Food and taste education is essential to appreciate the complete picture contained in the food we eat— from its sensory properties to the diverse flavours which represent the culture and stories of a place and its people. The rich tapestry of knowledge and experience which is contained in even the most simple dishes transforms the raw ingredients into an adventure for the palate and the mind. Taste education gives us the tools and awareness to be able to make informed food choices, to recognize quality and to seek out good, clean and fair produce.
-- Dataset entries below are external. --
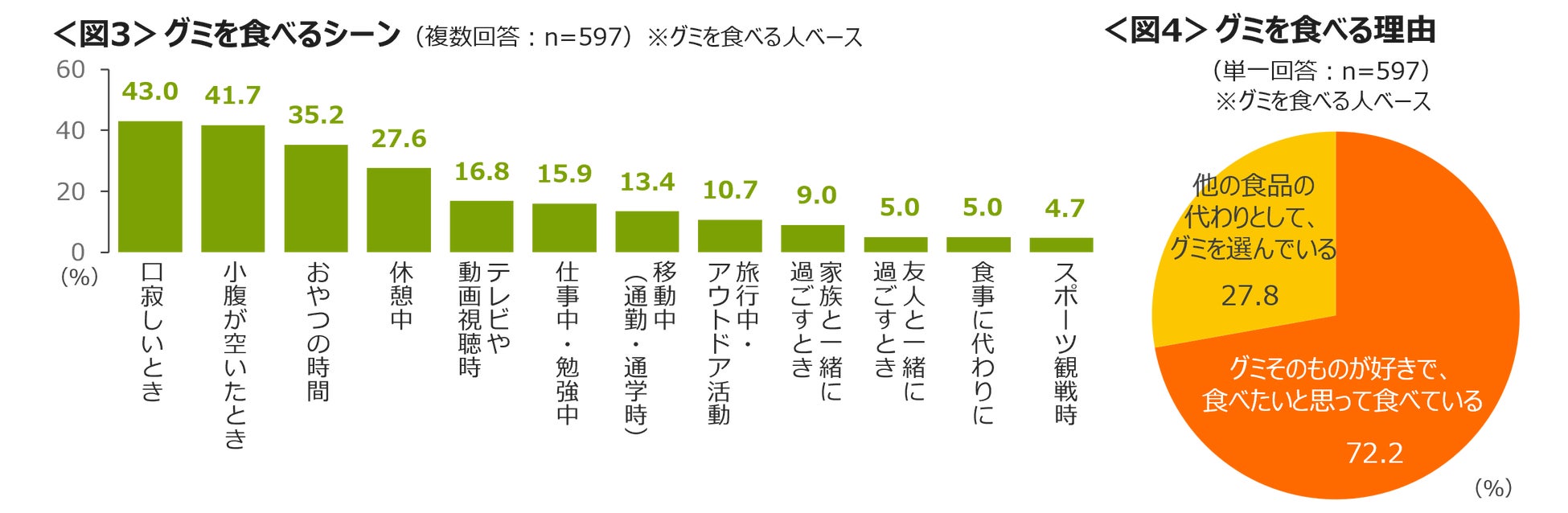 「グミそのものが好きで食べている」が7割、「他の食品の代わりとして、グミを選んでいる」が3割程度と、普段、グミを食べている人はグミ好きが多数派。<図4>
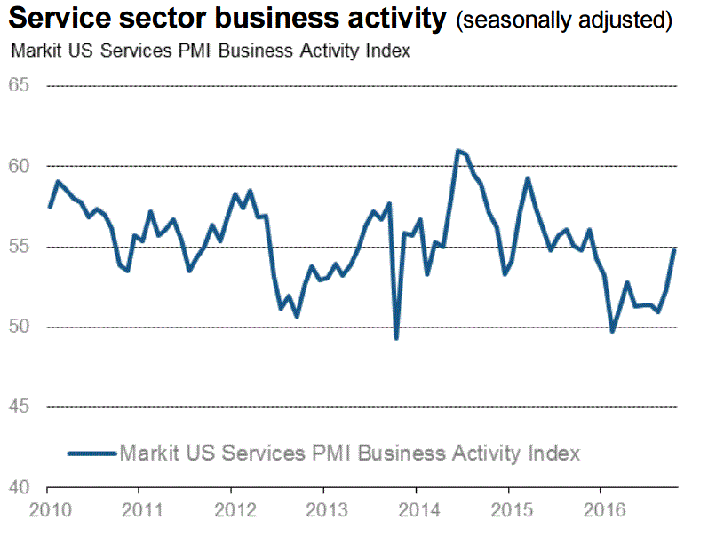 Вместе с тем, предварительные данные, представленные Markit Economics, показали, что активность в сфере услуг США продолжила расширятся в августе, и достигла самого высокого уровня с ноября 2015 года. Индекс менеджеров по снабжению (PMI) для сферы услуг в октябре составил 54,8 пункта по сравнению с 52,3 пункта в предыдущем месяце. Напомним, чтение выше 50 пунктов указывает на расширение активности в секторе. Экономисты ожидали, что показатель составит 52,3 пункта.
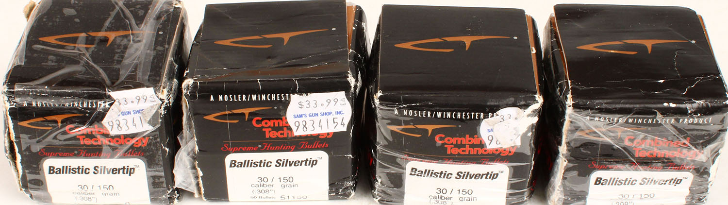 Nosler-Winchester, Ballistic Silvertip, .30 Caliber, (.308'') 150 Grain, lot of (4) Boxes that appear as if they may have fallen off a truck, all boxes full, all ammo appears excellent to minty. Grade: Very Good - Value: 20 to 100
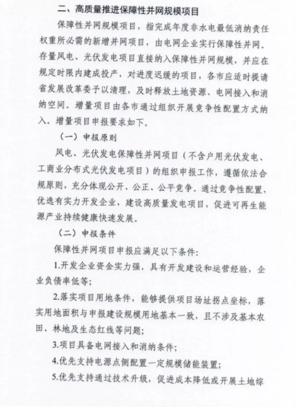 在保障性項目申報方面,資金實力強(qiáng)、負(fù)債率低的企業(yè)優(yōu)先;需落實項目用地,提供拐點坐標(biāo)且項目規(guī)模與用地面積相匹配;支持電源點配置儲能的項目優(yōu)先;優(yōu)先通過以技術(shù)降低土地成本或提高土地利用率的示范項目。
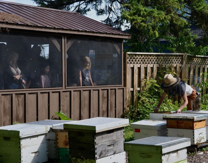 Rencontrez les abeilles - Rejoignez-nous dans le rucher où nous vous montrerons les ruches actives et les abeilles à l'intérieur !
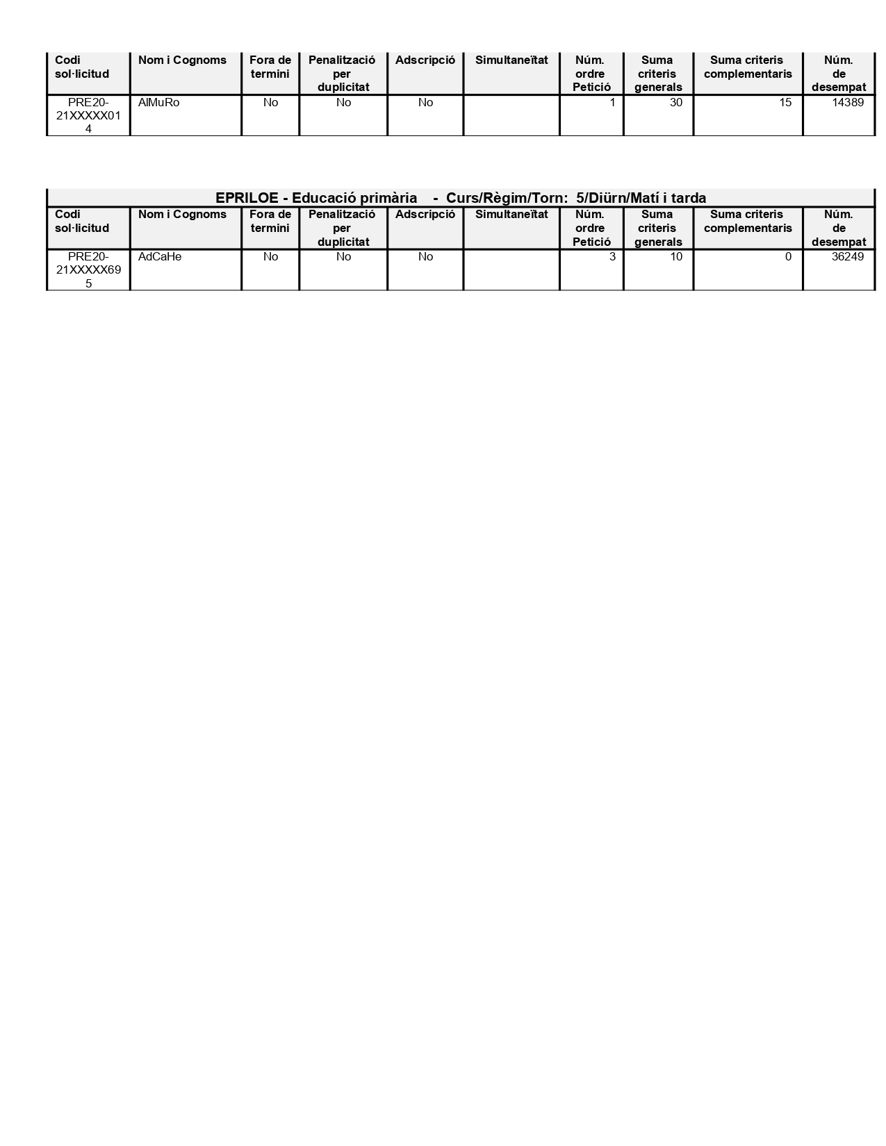 Aquesta és la llista definitiva d’adjudicats al nostre centre:
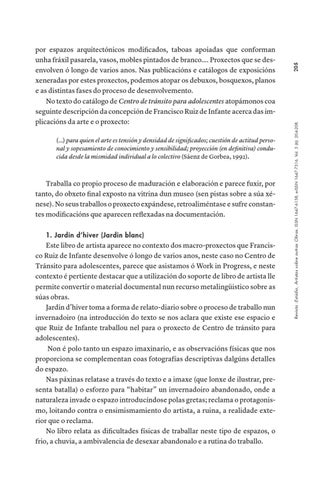 por espazos arquitectónicos modificados, taboas apoiadas que conforman unha fráxil pasarela, vasos, mobles pintados de branco…. Proxectos que se desenvolven ó longo de varios anos. Nas publicacións e catálogos de exposicións xeneradas por estes proxectos, podemos atopar os debuxos, bosquexos, planos e as distintas fases do proceso de desenvolvemento. No texto do catálogo de Centro de tránsito para adolescentes atopámonos coa seguinte descripción da concepción de Francisco Ruiz de Infante acerca das implicacións da arte e o proxecto:

The Terra Madre network around the world organizes educational initiatives for groups of different every age. Food communities are an integral part of the Slow Food network and they constantly strive to develop educational projects in their countries and teach people to enjoy local flavors, defend traditions and protect the environment. In Senegal, for example, where there is significant poverty and agricultural biodiversity is seriously threatened, the local Slow Food convivium in Dakar has started a project with some Terra Madre cooks to promote the consumption of local cereals among children of 10-12 years. At the same time in Cuba, a project involves setting up training seminars for adults in order to encourage community organic vegetable gardens.

The world meeting of food communities in Turin was once again a great experience for all the delegates involved in educational initiatives: to meet, discuss and plan new projects for the future. Terra Madre 2010 hosted an area dedicated to education. A room was set up within the Oval for the purpose; it was equipped with two IT terminals where participants had the possibility of recording their culinary traditions and current educational projects.

Participants were also invited to explore the sensory program “To the Origins of Taste”. Presented in the 8 languages of Terra Madre, it began with an introductory video explaining basic sensory concepts and terms to describe food products. It then moved on to a series of tasting games divided into various sections—involving taste, sight, smell, touch and multisensory experience—designed to stimulate the senses. Finally participants used a pre-recorded lesson to guide them through a tasting of chocolate and apples. The information learned in the first two sections was reviewed in a comparison and evaluation of three varieties of apple and bitter chocolate, in order to discover which samples were the crispiest, sweetest, juiciest, most acidic, most bitter or had the most intense aroma.

The program for Terra Madre 2010 featured a range of other events involving food and taste education.

The Earth Workshop Slow Food in the Canteen (Sunday October 24, 10 am, Room B) addressed school catering, an area where new approaches to daily food can achieve significant results. As they buy, cook and serve millions of meals a day, school canteens have the potential to focus the market on virtuous behavior and local, quality, seasonal produce. The meeting was part of the “European Schools for Healthy Food” project promoted by Slow Food and funded by the European Commission's Directorate-General for Agriculture and Rural Development, which involves 10 European countries (Italy, France, Belgium, the United Kingdom, Ireland, Spain, Poland, Romania, Bulgaria and Latvia) in a campaign to promote the consumption of healthy and fresh food in schools.

A meeting of representatives of the European Slow Food in the Canteen network was also held. This network, coordinated by Slow Food as part of the same EU project, brings together European school representatives keen to improve the quality of canteens and develop educational projects for young people (http://dreamcanteen.ning.com).

Another workshop, Slow Food’s Educational Principles and Practices, (Sunday October 24, 1 pm, Room H) examined the “International Manifesto for Education”, which presented the theoretical framework supporting Slow Food’s educational actions. The meeting also drew up a guide to good practices in Slow Food’s educational activities around the world.

Still in the education area, there was a meeting on Terra Madre Gardens (Sunday October 24, 1 pm, Room D) and the presentation of a sensory education kit which has been organized by Slow Food in collaboration with the NGO Mani Tese as part of the project “From Food Security to Food Sovereignty. Citizens and Local Authorities towards a New Paradigm in Europe to Reduce World Hunger”. The kits, dedicated to taste education, the food sovereignty concept and good practices, were distributed to all the delegates interested in the project.